2025-12-11T11:46:41Z ERR claudie_test.go:138 > Error in test sets test-set1 error="error while performing additional test for manifest 1.yaml from test-set1 : error while checking if all pods from longhorn-system are ready in cluster ts1-ovh-cluster-test-set-no1: pods in longhorn-system took too long to initialize in cluster ts1-ovh-cluster-test-set-no1" module=testing-framework
Specifically, the longhorn-driver-deployer was crashlooping because the kubelet on a node running this pod didn't have a server certificate.
longhorn-driver-deployer-69c7675c65-q9qq8 0/1 CrashLoopBackOff 33 (102s ago) 124m
Logs from kubelet
pod_workers.go:1324] "Error syncing pod, skipping" err="failed to \"StartContainer\" for \"longhorn-driver-deployer\" with CrashLoopBackOff: \"back-off 5m0s restarting f>
1 12:03:38.697235 8513 ???:1] "http: TLS handshake error from 192.168.2.1:52576: no serving certificate available for the kubelet"

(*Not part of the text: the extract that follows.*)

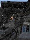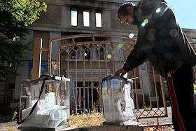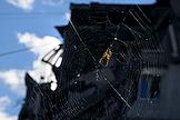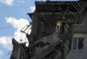 Проведение референдумов о вхождении в состав России Донецкой народной республики (ДНР), Луганской народной республики (ЛНР) и освобожденных территорий. Жанровая фотография. Виды Донецкой области. Паук в паутине на фоне разрушенного после обстрелов жилого дома.

You can see below that there was only a client certificate.
root@ts1-ovh-cluster-test-set-no1-1a7itlo-ovh-cmpt-nodes-u48hs5d-01:~# ls /var/lib/kubelet/pki/
kubelet-client-2025-12-11-11-19-58.pem kubelet-client-current.pem
The K8s is responsible for issuing a server certificate, and I found a lot of Pending CertificateSigningRequests. Ultimately, I had to manually approve one of them to issue the server certificate for kubelet.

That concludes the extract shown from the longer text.